By the middle of June, the routine was set. She got up with Frank as usual, but instead of sitting with him while he had his coffee, she had a cup, too. He’d put her bicycle into the back of his truck so she could leave a little earlier to start dinner each day, and they would drive off to town together. Ellen loved being in the garage right from the start. It smelled like clean oil and cigar smoke.

“How’s oil smell clean?” her best friend, Marisa Dalton asked.

“You can tell it’s from the earth,” she replied.

“But the earth isn’t clean,” Marisa would argue. “You need to come with me to Dairy Bar. I made six dollars in tips Sunday afternoon.” But Ellen didn’t want to be away from Frank; spending the day at the garage with him had always felt right to her. Since she was little, walking home from school and waiting for him at the garage was something she looked forward to.

The oil smell and the bubble gumball machine Frank polished up each week and refilled with colorful, shiny gumballs were memories from the childhoods of the children whose parents brought their cars in for repair. The garage was in the center of town, on the same side of the street as the auto supply store and Miss Logan’s Beauty Parlor and across the street from the post office, the grocery store and the café. Frank set up a low table and chairs with coloring books and crayons for the children to use while they waited, a fresh box every week. At the end of the week, he dumped the broken bits of crayon into a big metal can bolts originally came in and although a few children liked using the new crayons, most children preferred the nubs, sifting through the big can to choose just the right color. Frank papered the window facing the beauty parlor with the most recent works of coloring book art. Women getting their hair done inside would brag about their child’s page of coloring book drawings.
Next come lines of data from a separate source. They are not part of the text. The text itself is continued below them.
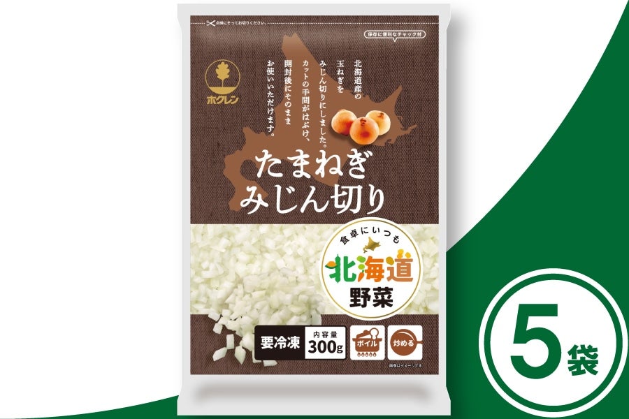 北海道産の玉ねぎをみじん切りにし、凍結しました。カットの手間がはぶけ、開封後にそのままお使いいただけます。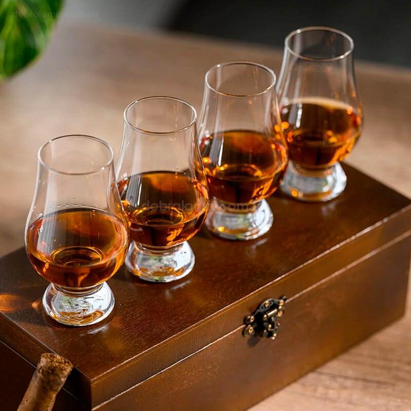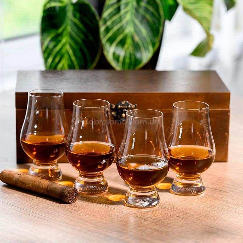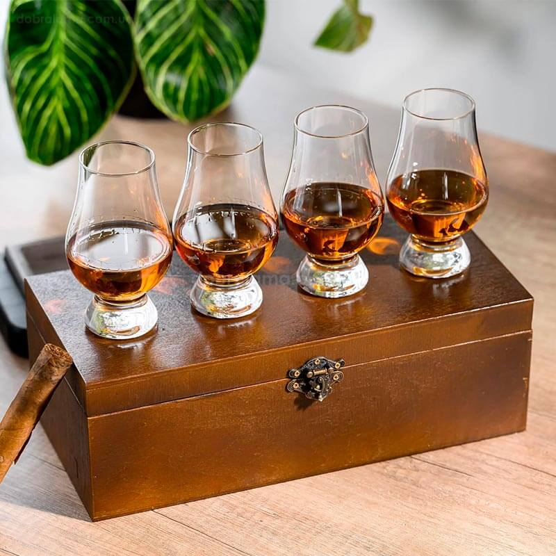 Набір 4-х келихів для віскі Glencairn в дерев'яній коробці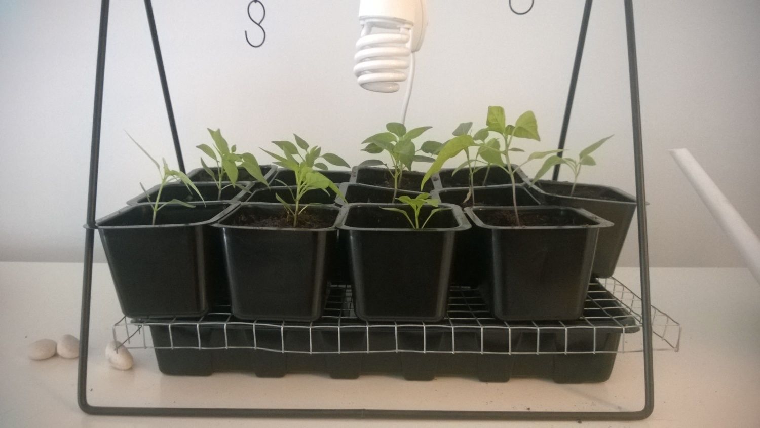If it's unclear to someone still, my favorite part of gardening is building all of the things that make it easier, like shelves, raised beds, watering systems and mini greenhouses. The gardening itself is just an interesting study in how my ideas work. I'm glad to see that the self watering system I put together for the chilis is working nicely. The light I was using did break though, luckily it happened the day before we left for our trip so I had time to jerry rig something together. I need to get a new light, but I can't find any info on the warranty, so I'm waiting to hear back from the manufacturer first before I go buying something else.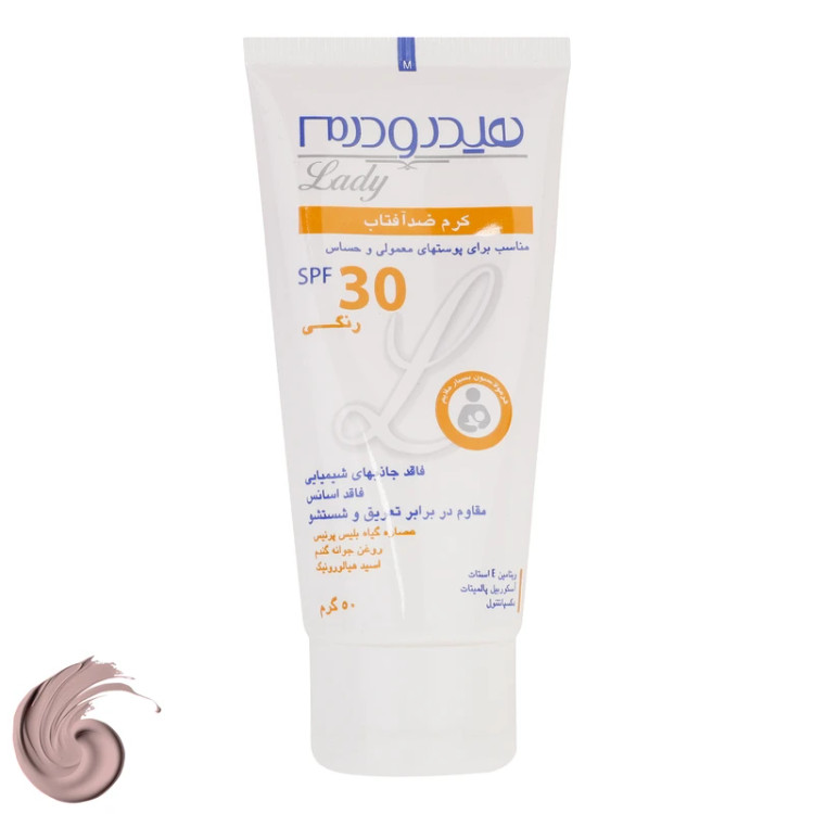 کرم ضدآفتاب رنگی هیدرودرم مدل SPF30، مناسب پوستهای معمولی و حساس، حجم 50 میلیلیتر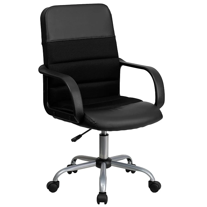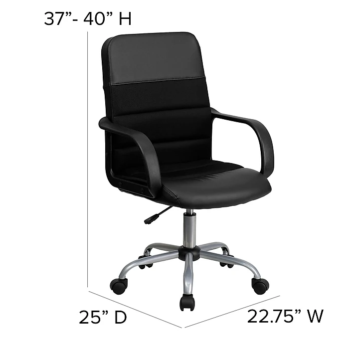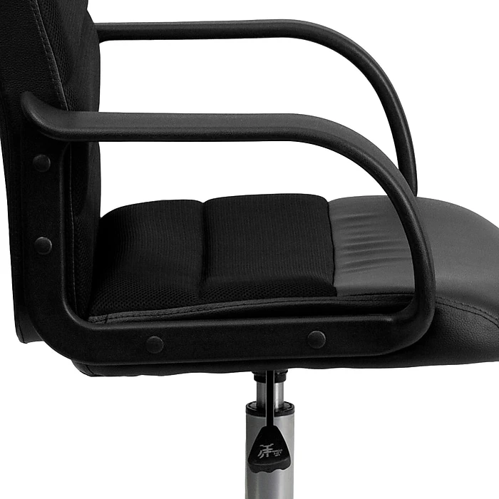 Sit comfortably as you type emails or meet with clients in this Flash Furniture LeatherSoft office chair. The mid-back design offers added support for your frame, while segmented padding provides added cushion for long hours at the office. The mesh upholstery lets air circulate to keep you cooler throughout the day. With luxurious LeatherSoft appointments, this desk chair brings modern style to your workspace. Use the dual-wheel casters to roll from one corner of your office to the other and put the swivel seat to work when you need to transition from the computer to a client meeting. This Flash Furniture LeatherSoft office chair comes with a pneumatic seat height adjustment lever, so you can customize the setup to fit your personal preferences.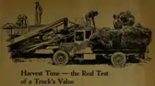 References to the Clydesdale horse were rarely used in Clydesdale's advertising, although some examples showing an image of such horses are known.[16] After World War I, Clydesdale tried to use their association with the London General Omnibus Company for promotion, cashing in on that company's greater experience in building tough military vehicles. They advertised their trucks as "practically a duplicate" of LGO's wartime truck.[17] They also emphasised ruggedness in their advertisements aimed at the farming market.[18]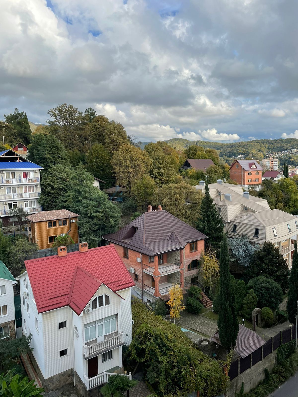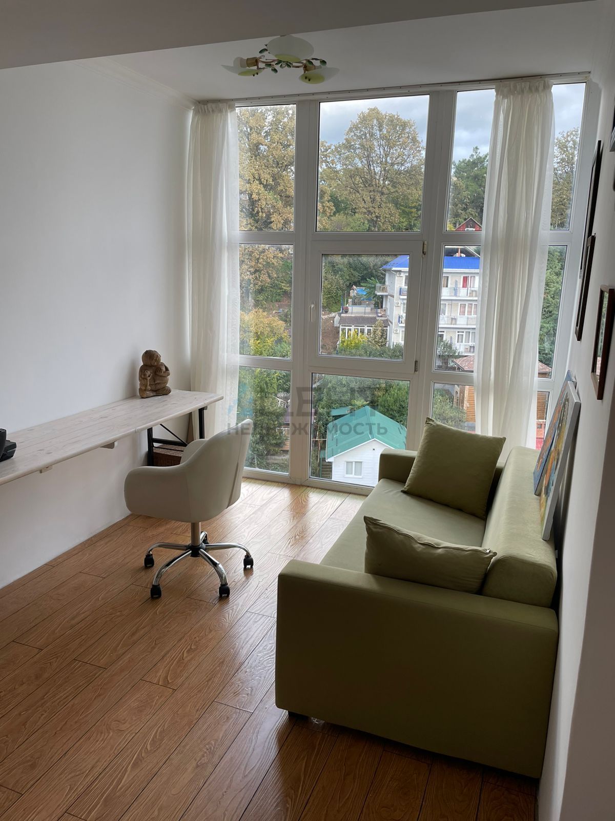 Квартира расположена в тихом районе Сочи не далеко от гор, которые видны из окон комнаты.

“That’s my Wendy’s elephant in Frank’s window today!” Whenever Frank had time, he’d box up the drawings left behind and drop them off at the local nursing home, to distribute among the residents.

For the adult customers, instead of the typical row of uncomfortable chairs with ripped vinyl seats like other garages had, he set up a bigger table and chairs, and an electric coffee pot. In the center of the table, a neat pile of current magazines he picked up at Family-Owned waited for customers to look through. Every hour he faithfully made a fresh pot of coffee. When Ellen came to work, she asked him if he’d like her to make the coffee.
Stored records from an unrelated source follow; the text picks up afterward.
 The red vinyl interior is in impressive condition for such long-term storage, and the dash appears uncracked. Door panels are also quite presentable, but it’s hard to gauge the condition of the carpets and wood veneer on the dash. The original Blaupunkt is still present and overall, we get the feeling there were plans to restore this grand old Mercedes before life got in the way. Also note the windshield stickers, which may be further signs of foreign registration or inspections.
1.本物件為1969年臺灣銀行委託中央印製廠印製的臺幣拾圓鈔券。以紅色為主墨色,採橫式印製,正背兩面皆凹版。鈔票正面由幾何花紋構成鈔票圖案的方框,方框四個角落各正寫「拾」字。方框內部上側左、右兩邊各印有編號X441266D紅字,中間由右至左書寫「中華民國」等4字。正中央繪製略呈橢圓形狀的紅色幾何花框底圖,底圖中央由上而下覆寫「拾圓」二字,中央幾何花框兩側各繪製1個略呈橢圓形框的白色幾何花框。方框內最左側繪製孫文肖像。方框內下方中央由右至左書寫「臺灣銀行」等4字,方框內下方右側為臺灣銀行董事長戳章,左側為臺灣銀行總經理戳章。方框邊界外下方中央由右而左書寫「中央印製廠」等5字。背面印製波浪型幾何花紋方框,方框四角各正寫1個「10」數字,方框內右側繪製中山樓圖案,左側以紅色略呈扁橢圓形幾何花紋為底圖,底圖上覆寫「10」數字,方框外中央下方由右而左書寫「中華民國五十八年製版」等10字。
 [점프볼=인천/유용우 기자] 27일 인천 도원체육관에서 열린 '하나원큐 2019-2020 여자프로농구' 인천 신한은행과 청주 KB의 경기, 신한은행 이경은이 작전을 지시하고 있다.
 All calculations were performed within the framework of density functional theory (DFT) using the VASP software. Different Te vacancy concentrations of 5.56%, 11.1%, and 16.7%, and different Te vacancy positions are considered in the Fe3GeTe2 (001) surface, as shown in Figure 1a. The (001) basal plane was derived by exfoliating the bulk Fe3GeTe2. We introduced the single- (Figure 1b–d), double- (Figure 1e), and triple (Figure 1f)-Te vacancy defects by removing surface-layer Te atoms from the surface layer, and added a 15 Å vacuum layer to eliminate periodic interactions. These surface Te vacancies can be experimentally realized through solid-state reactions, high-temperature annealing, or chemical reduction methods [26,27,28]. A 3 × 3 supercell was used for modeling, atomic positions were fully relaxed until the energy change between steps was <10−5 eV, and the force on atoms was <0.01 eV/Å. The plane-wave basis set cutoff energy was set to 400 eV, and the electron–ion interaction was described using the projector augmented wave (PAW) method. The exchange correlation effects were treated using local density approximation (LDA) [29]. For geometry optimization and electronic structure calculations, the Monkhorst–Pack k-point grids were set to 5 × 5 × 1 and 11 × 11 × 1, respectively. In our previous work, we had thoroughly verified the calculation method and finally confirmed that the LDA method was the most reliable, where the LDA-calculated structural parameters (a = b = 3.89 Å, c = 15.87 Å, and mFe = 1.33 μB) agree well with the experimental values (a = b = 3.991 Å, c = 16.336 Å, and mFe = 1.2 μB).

“No, no, that’s all right, I’ll keep doin’ it,” he answered. “When school starts again and you leave, I’ll forget and the coffee will get thick and black and smell up the place.” She knew what he meant. Once, when she was thirteen, she got her hair cut at Miss Logan’s and the first thing she noticed when she went into the beauty parlor, above the rank ammonia smell of the hair dye and the chemicals women used to put permanent curls in their hair, was the odor of old coffee. She thought it was odd that her mechanic father kept his coffee pot shining clean and used good coffee and real cream, a little half pint carton set in a bowl of ice. Yet in a beauty shop with a bunch of women, they’d have horrible powdered junk to lighten coffee often left over from the day before. Customers coming into the garage remarked that they patronized Frank’s Garage because it was so clean and Frank made the best coffee in town.